Um, and you can like really pick and choose which which tools they have access to. Um, and you can also choose which MCP servers they get connected to which is also really really nice. Um, another really nice added uh aspect of like setting up all these agents is that you can also define um certain permission controls on a per tool basis. So you can decide that something like the file read tool um can just autoexecute whereas something like um executing bash or uh calling your databases MCP server um requires explicit approval from from your own end users.

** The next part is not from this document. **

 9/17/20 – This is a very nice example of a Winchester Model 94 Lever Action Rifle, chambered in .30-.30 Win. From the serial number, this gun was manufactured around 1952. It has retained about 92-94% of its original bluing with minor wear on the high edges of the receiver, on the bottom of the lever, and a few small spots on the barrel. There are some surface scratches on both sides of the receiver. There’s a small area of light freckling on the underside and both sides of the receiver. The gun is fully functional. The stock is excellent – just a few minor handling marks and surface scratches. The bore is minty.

Um once you configure that agent you also can configure an environment. Um these environments kind of define the template for how the sandboxes that claude has access to behave. So you can define whether or not you want those containers to have network access. Maybe you want to pre-install certain packages from npm or from uh pip. Um so you can kind of define that in your environment level. And today since we announced uh self-hosted environments and sandboxes, you can also bring your own sandboxes uh that don't just run on anthropics infrastructure. You can use something like Cloudflare or Modal or Versel um and use those out of the box or even your own um sandboxing fleet.

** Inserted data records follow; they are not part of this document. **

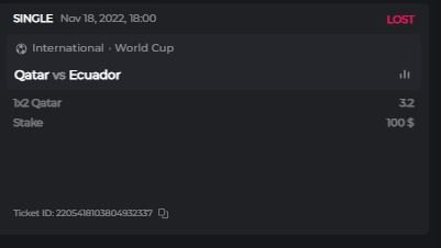 7. Bet ID - 2212656365359477238 I still think this was a unfair loss seeing as the Netherlands scored after the 90 minutes! But what ever it is what it is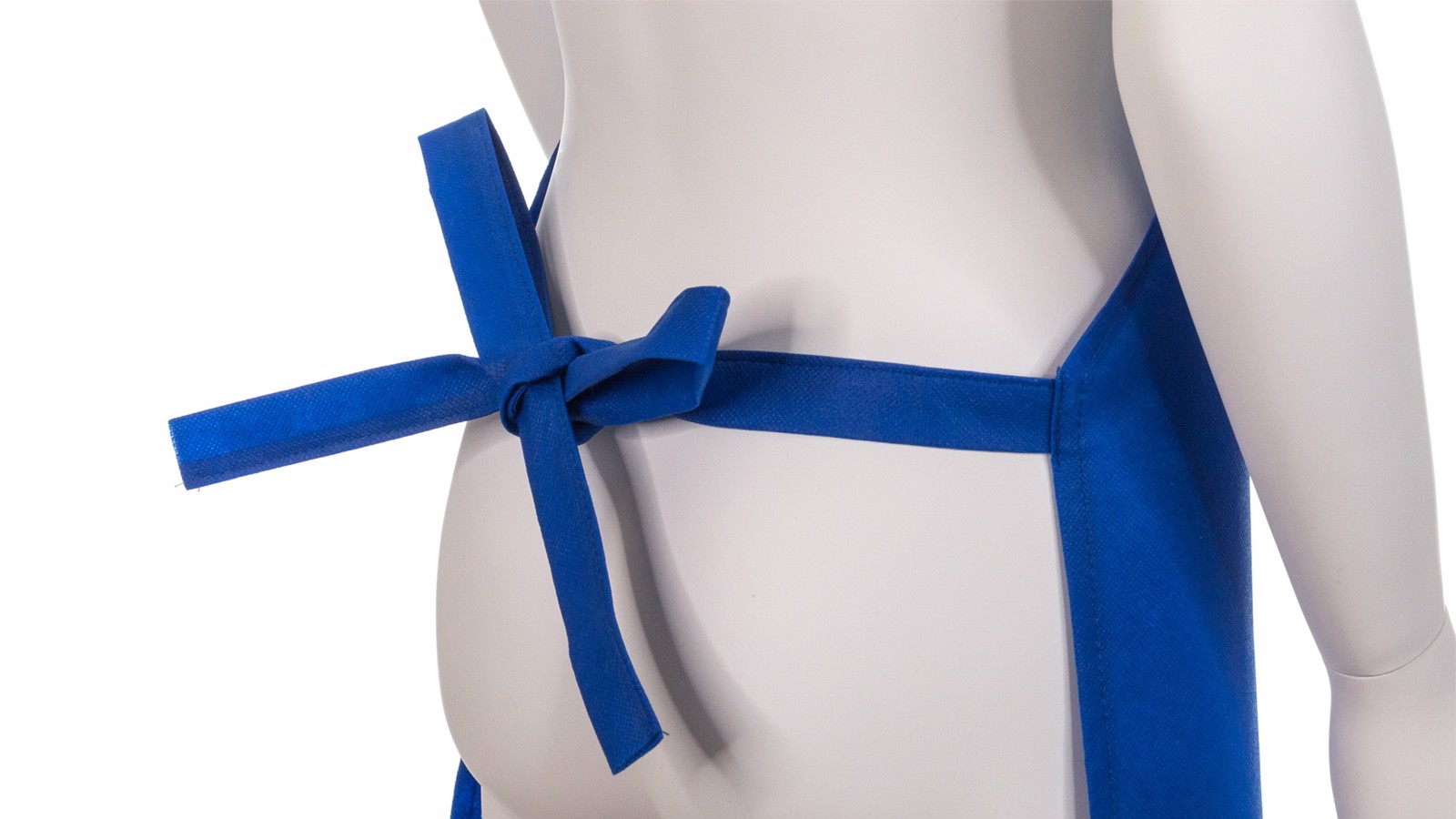 Children´s set of apron and kitchen hat in brightly colored non-woven. Apron with front pocket and adjustment straps. One Size. Kids
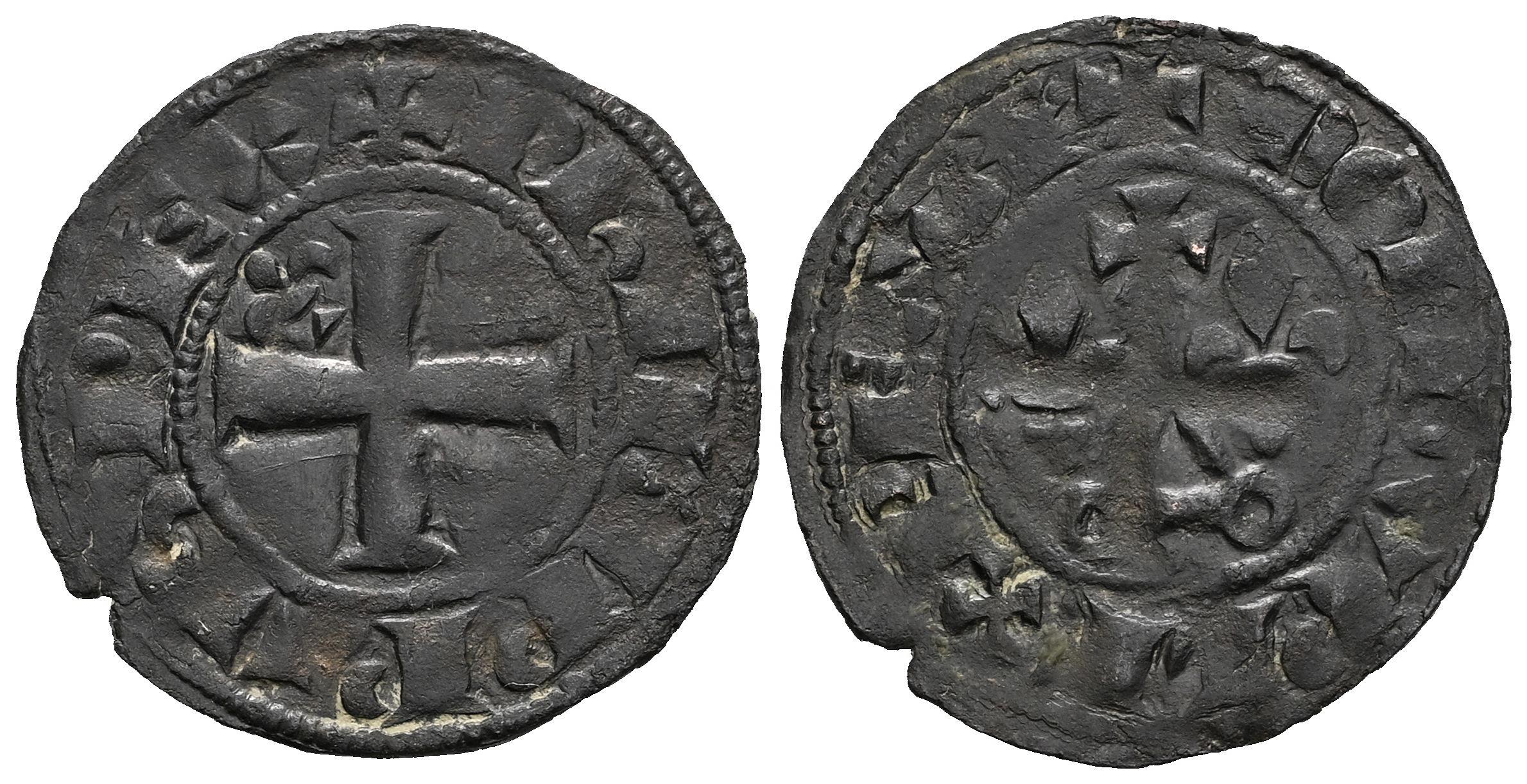 Kingdom of France and Navarre. Philippe IV, le Bel (1285-1314). Double tournois. (Duplessy-229). Anv.: + PHIL*IPPVS REX ˙ , Cross pattée; fleur de lis in first quarter. Rev.: + MON DVPLEX REGAL ˙ , châtel tournois; fleur de lis on each side. Bi. 1,12 g. Choice VF. Est...60,00.

Um once you configure those two things, you can then just like get started on talking to to that agent, right? you you have an ID for your agent, you have an ID for your environment. That's kind of all you need to get started with a session. Um, and a session is just you can think of it as kind of like an ongoing conversation with you and Claude. It's the equivalent of going to claw.ai and clicking new or uh entering cloud code from your terminal. Um, once you do that, you can like start submitting events from your own end users.
Something like them asking for something to to happen. Um, maybe you that that end user is asking for a PR to get put up. Um and that that all of that kind of happens on the session layer. Um and when you create these sessions, you can also include certain GitHub repositories that you want cla to have access to or um certain files that you might want to be preloaded into the container itself. Um so all of those will kind of be downloaded and and provisioned on on your behalf. Um and then finally there's just like the events, right?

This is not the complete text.